Subscription: Jobs consume the quota of purchased resource groups with no additional charges.
For more information, see Analyze MaxCompute bill and usage details.
Core advantages
Compared to other Python development tools, MaxFrame better aligns with familiar development habits, enables more efficient data processing, provides more elastic computing resources, and delivers a more convenient development experience.
Pandas-compatible API: MaxFrame provides an API highly compatible with Pandas. This supports the smooth migration of existing code to the MaxCompute platform and significantly reduces learning and migration costs.
Server-side distributed execution: MaxFrame jobs run directly within the MaxCompute cluster. Data does not need to be pulled to a local machine. This eliminates performance bottlenecks caused by insufficient client memory and enables efficient processing of petabyte-scale data.
Elastic computing resources: MaxFrame relies on the MaxCompute serverless architecture to allocate computing resources on demand. This lets you process data tasks of any scale without managing a cluster.
Simplified development environment: MaxFrame provides built-in Python 3.7 and Python 3.11 environments with pre-installed common libraries such as Pandas and XGBoost. Manage third-party dependencies with simple annotations. This simplifies environment configuration and dependency management. It is more convenient than manually packaging and uploading user-defined function (UDF) dependencies.
The following table compares this tool with other Python development tools:
Comparison Item | MaxFrame | PyODPS | Mars | SQL+UDF |
Development API | Compatible with Pandas. | Syntax and API differ significantly from Pandas DataFrame. | Requires using two sets of APIs: SQL and Python. | |
Data processing | At runtime, data is processed on the server and does not need to be pulled to a local machine.
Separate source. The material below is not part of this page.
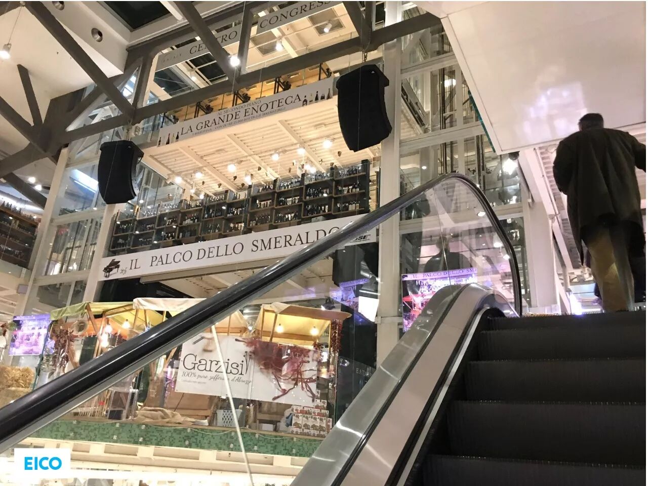 电梯上的标语“ FAI LA SPESA ANCHE ONLINE ”意为可以在网上购买 EATALY 产品。

This reduces unnecessary local data transfer and improves job execution efficiency. | The | Distributed execution is supported for only some operators. Cluster creation is required during initialization, which is slow and offers low stability. | Supports distributed jobs based on MaxCompute SQL capabilities. |
Computing resources | Not limited by the size of local resources, breaking the single-machine performance bottleneck of Python. | Limited by the size of local resources. | Limited by resource size. The size of workers, CPU, and memory must be specified. | Enables elastic computing for SQL jobs based on the MaxCompute serverless capabilities. |
Development experience | Out-of-the-box interactive development environment and offline scheduling capabilities. Common libraries are built-in. Manage third-party dependencies using annotations, with no need for manual packaging. | Out-of-the-box interactive development environment and offline scheduling capabilities. | Requires preparing the corresponding runtime environment and launching a Mars cluster. | Dependency packages for Python UDFs must be manually packaged and uploaded. |
How it works
MaxFrame keeps the complexity of distributed computing transparent to the user. The automated workflow is as follows:
Code submission: Write and execute Python code on a client, such as a Notebook. The MaxFrame software development kit (SDK) captures the code and submits it to MaxCompute.
Parsing and optimization: After the MaxCompute execution engine receives the job, it performs syntax parsing and logical optimization. It then transforms the job into a physical plan that can be executed in parallel.
Distributed execution: The optimized task is distributed to numerous compute nodes in the MaxCompute cluster. The nodes directly read the data and perform parallel computing.
Result return: After the computation is complete, the results are aggregated and returned to your client.